(What the task requires) Each record that follows goes into your reply unchanged; the pictures do not.

(Dataset content)
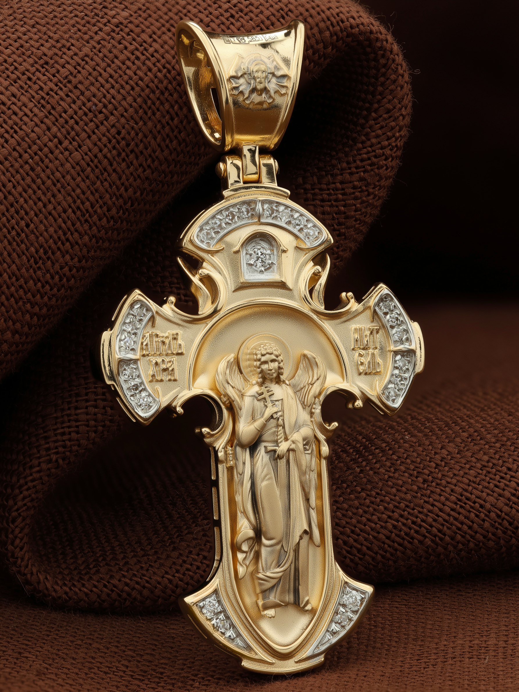 На оборотной стороне креста изображен Святой Ангел-Хранитель. Он держит в правой руке крест, а в левой — мечь. Ангел-Хранитель — это Ангел приставляемый Богом к человеку при крещении для охраны и помощи в добрых делах. Он невидимо находится при человеке на протяжении всей его жизни, если человек сохраняет в себе любовь к Богу и истинную веру перед Ним. Ангел-Xранитель делают для нас все, что служит к истинному нашему благу и спасению души.
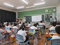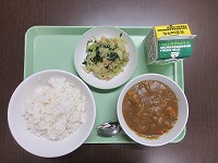 今日から給食がスタートしました。今日のメニューは、ポークカレー・米飯・海藻サラダ・牛乳です。1年生の教室をのぞくと、静かに給食を食べていました。「やっと給食を食べられた」「給食おいしい」と嬉しそうに話をしてくれました。今月の給食の献立のテーマは「元気いっぱいメニュー」です。夏の暑さで疲れた体を元気にするはたらきのある食べ物をたくさん使って献立が考えられています。しっかり食べて元気に過ごしましょう。
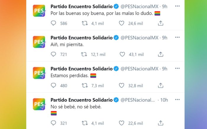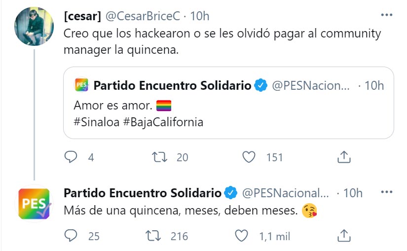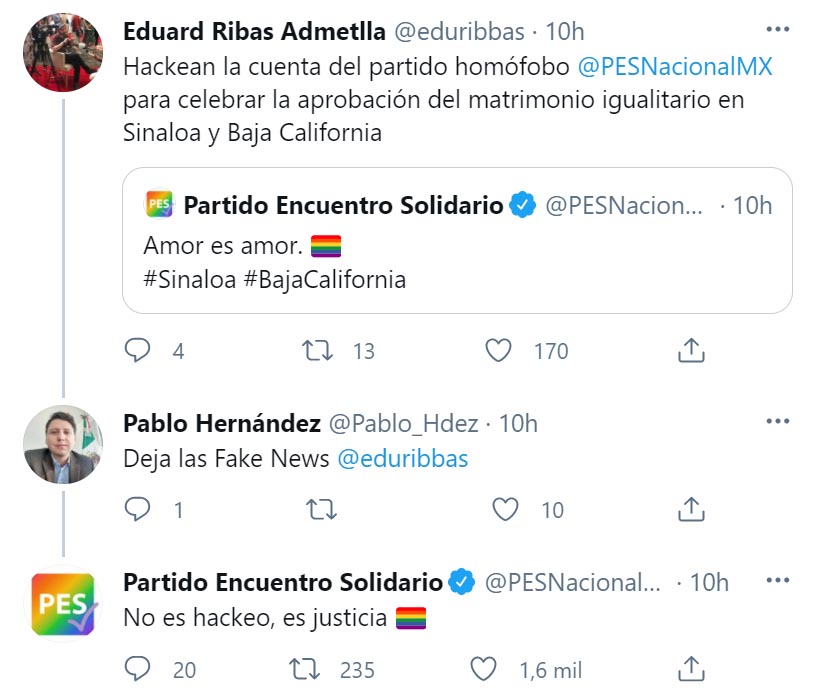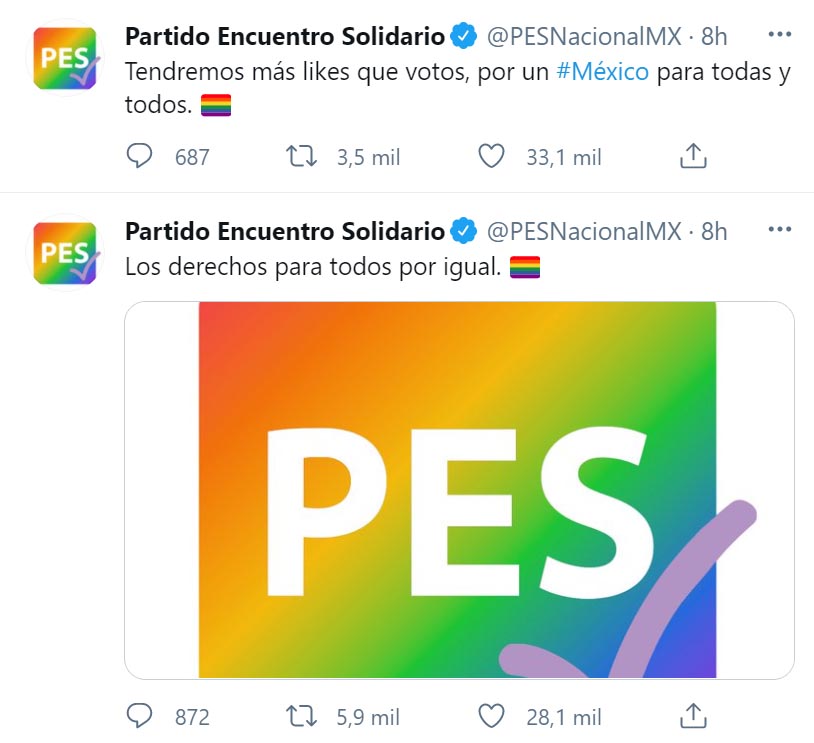 Además, desde las cuentas del PES en Twitter y Facebook difundieron mensajes de apoyo al matrimonio entre personas del mismo sexo, aprobado este miércoles en Sinaloa y en Baja California.
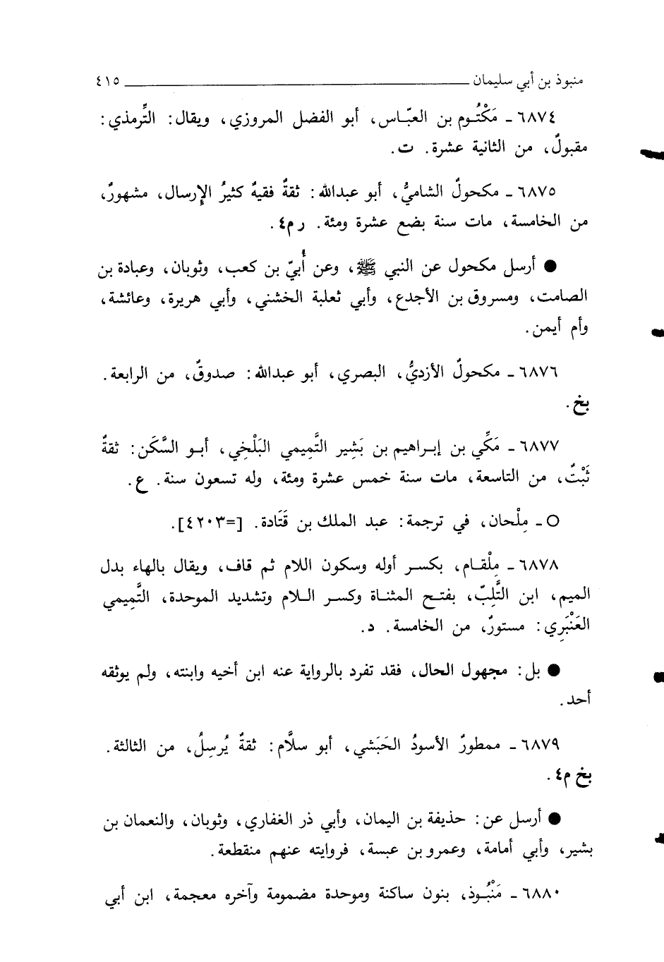 6875 - مكحولٌ الشاميُ، أبو عبد الله: ثقةٌ فقيهٌ كثيرُ الإِرسال، مشهورٌ، من الخامسة، مات سنة بضع عشرة ومئة. رم 4.
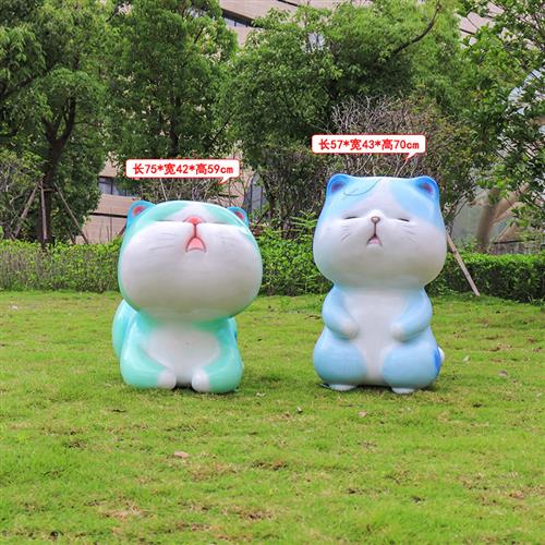 室内外招财猫雕塑花园庭院摆件卡通可爱猫咪玻璃钢美陈装饰品摆件
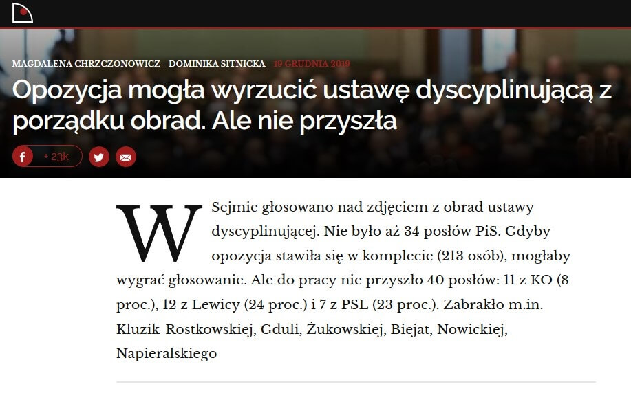To jest tak absurdalne, że mogło zdarzyć się tylko w demoludach. Obrońcy ojczyzny przed "najeźdźcami z PiSu", walczący o demokrację bojownicy z partii opozycyjnych, cały ten establishment żyjący z publicznych pieniędzy od dziesięcioleci i ci "nowi", te sejmowe świeżaki z lewicy pokazują faka wszytkim tym, którzy w grudniowy wieczór wychodzą na ulice polskich miast, żeby tym z opozycji dać wsparcie, zmobilizować ich do pracy, dać poczucie społecznego poparcia, poczucie sensu w tej orce na ugorze, którą jest ratowanie tego kraju przed nim samym i jego włodarzami. Bo jak okiem sięgnąć od ław opozycyjnych do ław rządowych, to samo.
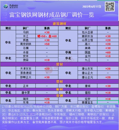 2.钢坯:6月17日唐山钢坯库存总计35.47万吨,较昨减少0.84万吨,其中:海翼宏润昨入库0.89出库1.38,现库存10.05万吨;象屿正丰昨入库0.4出库0.5,现库存10.65万吨;物产中大昨入库0.48出库0.64,现库存14.16万吨;中拓物流李钊庄昨入库0.01出库0.1,现库存0.61万吨。三、今日最新动态【周末成交快讯】17日唐山钢坯报3610元/吨较昨日持稳,钢厂方面,长江螺纹涨50,盘螺涨60,长治涨30;华北地区:东华、春兴涨20,包头亚新稳,邯郸太行稳,安丰稳九江稳,美锦涨30;唐山6.5-10九江:3820不含税3540。华东地区,福州三钢稳,南钢出厂价涨50,上海沙钢涨30,市场受周五夜盘影响,报价上涨,但今市场成交一般,商家实际操作以去库为主,备货做库意愿不高,预计明市场价格稳中调整。【热卷】今华北热卷价格小幅上涨,幅度0-40,唐山3890,邯郸3910,因周末市场休市,商户观望为主,谨慎操作,下游客户刚需采购,整体成交一般,预计短期市场价格稳中偏强为主。【带钢】今唐山145系窄带稳中涨10报3830-3840含税出厂,整体成交一般尚可;285-355系市场裸价现货3570-3590(主流3580)宏兴3585,现货较昨午后收盘价涨10-20。昨夜盘期螺继续走高,对厂商心态形成有力支撑,市场涨势格局未变,下游观望情绪有所转变。今周末交投氛围平平,考虑成本偏强,预计近日带钢坚挺为主。【管材】今唐山管材价稳中偏强,上涨幅度20-30,唐山主流焊管报4120涨20,主流镀锌管报5020涨20。昨夜盘持续震荡偏强,今市场延续涨势,管厂跟调积极,然淡季情况下,市场高位成交表现不佳,贸易商多逢高出货,谨慎补库,考虑成本支撑尚存,预计周末中板高位整理。【涂镀】今日涂镀主流价格偏强运行,博兴价格上调,幅度在30-50之间,受昨日夜盘影响,商家今日报价整体上涨,市场活跃度有所增加,成交尚可,预计明日价格窄幅震荡【中板】今华北中板稳中偏强调整,其中唐山主流4050稳中低位涨10,武安普阳3970较昨涨20,受周五期货夜盘偏强提振,周六市场延续涨价氛围,商家逢高积极出货,询盘尚可,成交不一高位显迟疑,钢厂方面,今普阳锁单价格3960,唐中厚指导价4050,成本支撑尚可,考虑近日持续高温天气或压制终端需求释放,商家预期坚挺观望,预计周末中板高位整理。【型材】唐山型材稳中高靠。角5-6.3#3890稳;槽8-16#3890涨30;工14-20#3970涨30。淡季需求并未改善,高价资源成交受阻,贸易商多出货回笼资金为主,市场成交好转程度有限,出货表现平平。预计周末型价将盘整运行为主。四、今日调价
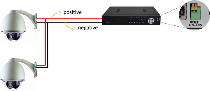 In this example, the cameras are connected to the DVR with a twisted pair cable that sends the commands through a universal connection standard and a protocol that the camera and the DVR have in common (such as Pelco P or D). The twisted pair wires must be connected to the back of the DVR into the RS-485 connector.
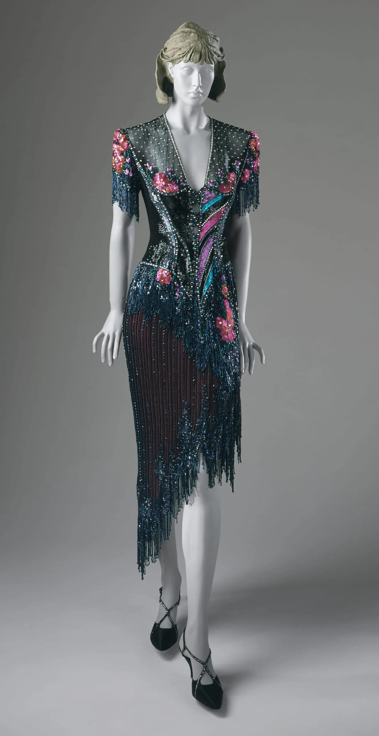 - Glass beads, plastic sequins on silk plain weave (chiffon), silk plain weave, silk net
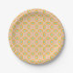 Geometric pattern featuring blue and orange diamond shapes on a peach background. The design creates a vibrant, symmetrical, and retro-inspired look.
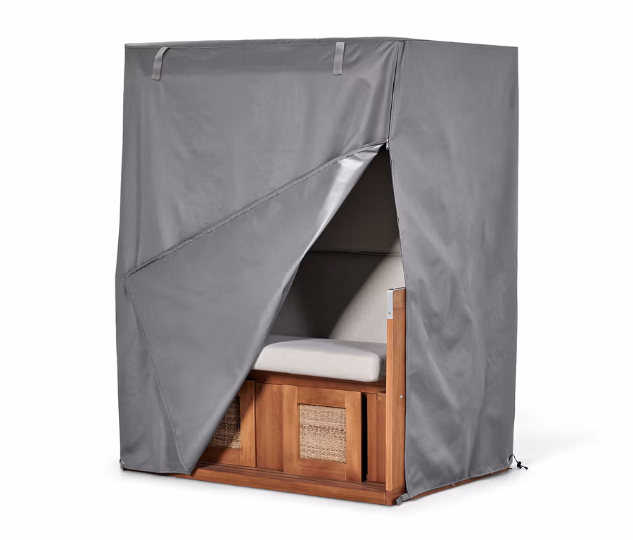- 2 Reißverschlüsse an den vorderen Ecken, ermöglicht Nutzung des Strandkorbes bei übergestülpter Abdeckhaube
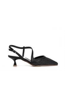 slingback-pumps asymmetrisch, mit strassnetz vorne black
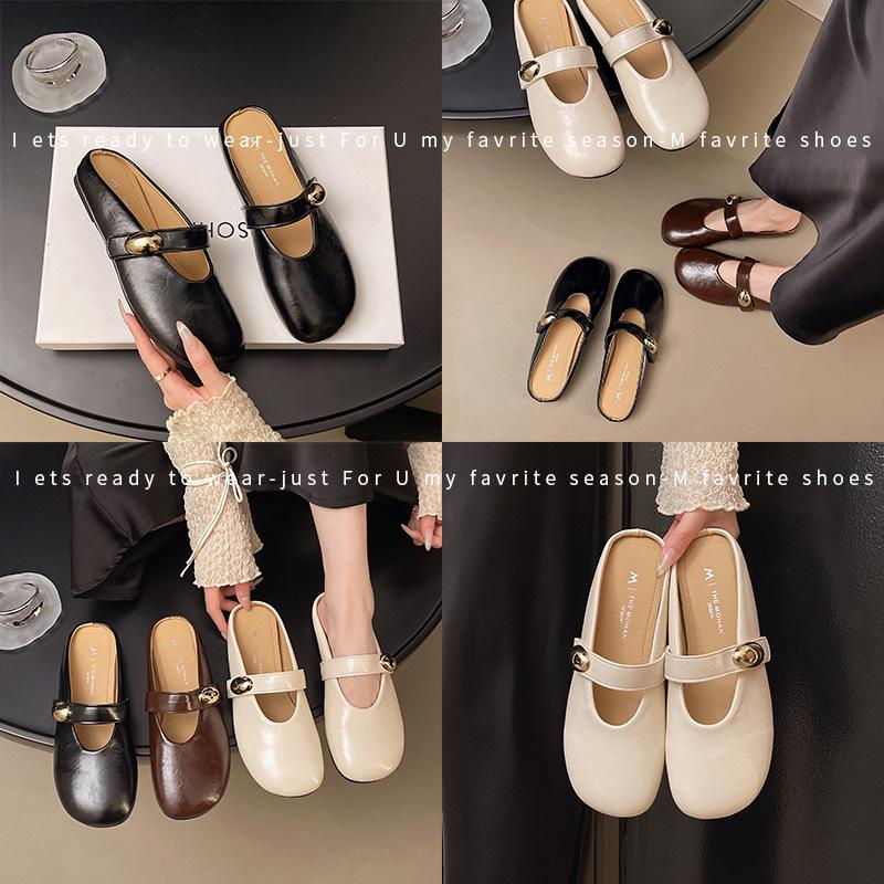 Шлепанцы на плоской подошве для женской уличной обуви 2025 весна и лето новая мягкая кожа ретро высококлассные универсальные с пряжкой на одном ремешке крутые шлепанцы
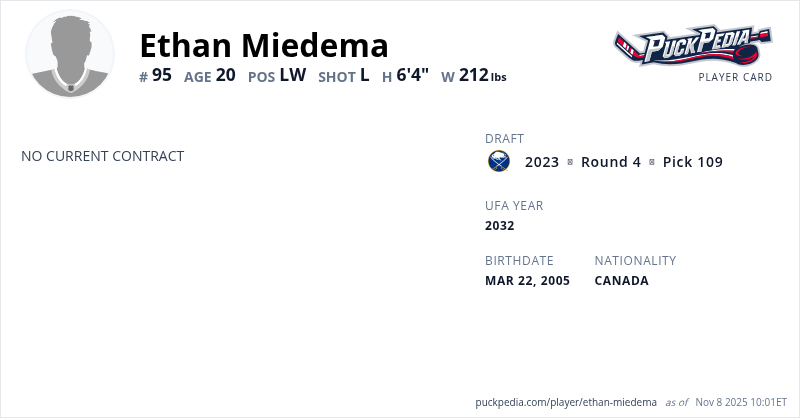 Miedema was selected 109th overall by the Buffalo Sabres in the 2023 NHL Entry Draft on Thursday.

(Answer box)
 На оборотной стороне креста изображен Святой Ангел-Хранитель. Он держит в правой руке крест, а в левой — мечь. Ангел-Хранитель — это Ангел приставляемый Богом к человеку при крещении для охраны и помощи в добрых делах. Он невидимо находится при человеке на протяжении всей его жизни, если человек сохраняет в себе любовь к Богу и истинную веру перед Ним. Ангел-Xранитель делают для нас все, что служит к истинному нашему благу и спасению души.
 今日から給食がスタートしました。今日のメニューは、ポークカレー・米飯・海藻サラダ・牛乳です。1年生の教室をのぞくと、静かに給食を食べていました。「やっと給食を食べられた」「給食おいしい」と嬉しそうに話をしてくれました。今月の給食の献立のテーマは「元気いっぱいメニュー」です。夏の暑さで疲れた体を元気にするはたらきのある食べ物をたくさん使って献立が考えられています。しっかり食べて元気に過ごしましょう。
 Además, desde las cuentas del PES en Twitter y Facebook difundieron mensajes de apoyo al matrimonio entre personas del mismo sexo, aprobado este miércoles en Sinaloa y en Baja California.
 6875 - مكحولٌ الشاميُ، أبو عبد الله: ثقةٌ فقيهٌ كثيرُ الإِرسال، مشهورٌ، من الخامسة، مات سنة بضع عشرة ومئة. رم 4.
 室内外招财猫雕塑花园庭院摆件卡通可爱猫咪玻璃钢美陈装饰品摆件
To jest tak absurdalne, że mogło zdarzyć się tylko w demoludach. Obrońcy ojczyzny przed "najeźdźcami z PiSu", walczący o demokrację bojownicy z partii opozycyjnych, cały ten establishment żyjący z publicznych pieniędzy od dziesięcioleci i ci "nowi", te sejmowe świeżaki z lewicy pokazują faka wszytkim tym, którzy w grudniowy wieczór wychodzą na ulice polskich miast, żeby tym z opozycji dać wsparcie, zmobilizować ich do pracy, dać poczucie społecznego poparcia, poczucie sensu w tej orce na ugorze, którą jest ratowanie tego kraju przed nim samym i jego włodarzami. Bo jak okiem sięgnąć od ław opozycyjnych do ław rządowych, to samo.
 2.钢坯:6月17日唐山钢坯库存总计35.47万吨,较昨减少0.84万吨,其中:海翼宏润昨入库0.89出库1.38,现库存10.05万吨;象屿正丰昨入库0.4出库0.5,现库存10.65万吨;物产中大昨入库0.48出库0.64,现库存14.16万吨;中拓物流李钊庄昨入库0.01出库0.1,现库存0.61万吨。三、今日最新动态【周末成交快讯】17日唐山钢坯报3610元/吨较昨日持稳,钢厂方面,长江螺纹涨50,盘螺涨60,长治涨30;华北地区:东华、春兴涨20,包头亚新稳,邯郸太行稳,安丰稳九江稳,美锦涨30;唐山6.5-10九江:3820不含税3540。华东地区,福州三钢稳,南钢出厂价涨50,上海沙钢涨30,市场受周五夜盘影响,报价上涨,但今市场成交一般,商家实际操作以去库为主,备货做库意愿不高,预计明市场价格稳中调整。【热卷】今华北热卷价格小幅上涨,幅度0-40,唐山3890,邯郸3910,因周末市场休市,商户观望为主,谨慎操作,下游客户刚需采购,整体成交一般,预计短期市场价格稳中偏强为主。【带钢】今唐山145系窄带稳中涨10报3830-3840含税出厂,整体成交一般尚可;285-355系市场裸价现货3570-3590(主流3580)宏兴3585,现货较昨午后收盘价涨10-20。昨夜盘期螺继续走高,对厂商心态形成有力支撑,市场涨势格局未变,下游观望情绪有所转变。今周末交投氛围平平,考虑成本偏强,预计近日带钢坚挺为主。【管材】今唐山管材价稳中偏强,上涨幅度20-30,唐山主流焊管报4120涨20,主流镀锌管报5020涨20。昨夜盘持续震荡偏强,今市场延续涨势,管厂跟调积极,然淡季情况下,市场高位成交表现不佳,贸易商多逢高出货,谨慎补库,考虑成本支撑尚存,预计周末中板高位整理。【涂镀】今日涂镀主流价格偏强运行,博兴价格上调,幅度在30-50之间,受昨日夜盘影响,商家今日报价整体上涨,市场活跃度有所增加,成交尚可,预计明日价格窄幅震荡【中板】今华北中板稳中偏强调整,其中唐山主流4050稳中低位涨10,武安普阳3970较昨涨20,受周五期货夜盘偏强提振,周六市场延续涨价氛围,商家逢高积极出货,询盘尚可,成交不一高位显迟疑,钢厂方面,今普阳锁单价格3960,唐中厚指导价4050,成本支撑尚可,考虑近日持续高温天气或压制终端需求释放,商家预期坚挺观望,预计周末中板高位整理。【型材】唐山型材稳中高靠。角5-6.3#3890稳;槽8-16#3890涨30;工14-20#3970涨30。淡季需求并未改善,高价资源成交受阻,贸易商多出货回笼资金为主,市场成交好转程度有限,出货表现平平。预计周末型价将盘整运行为主。四、今日调价
 In this example, the cameras are connected to the DVR with a twisted pair cable that sends the commands through a universal connection standard and a protocol that the camera and the DVR have in common (such as Pelco P or D). The twisted pair wires must be connected to the back of the DVR into the RS-485 connector.
 - Glass beads, plastic sequins on silk plain weave (chiffon), silk plain weave, silk net
 Geometric pattern featuring blue and orange diamond shapes on a peach background. The design creates a vibrant, symmetrical, and retro-inspired look.
- 2 Reißverschlüsse an den vorderen Ecken, ermöglicht Nutzung des Strandkorbes bei übergestülpter Abdeckhaube
 slingback-pumps asymmetrisch, mit strassnetz vorne black
 Шлепанцы на плоской подошве для женской уличной обуви 2025 весна и лето новая мягкая кожа ретро высококлассные универсальные с пряжкой на одном ремешке крутые шлепанцы
 Miedema was selected 109th overall by the Buffalo Sabres in the 2023 NHL Entry Draft on Thursday.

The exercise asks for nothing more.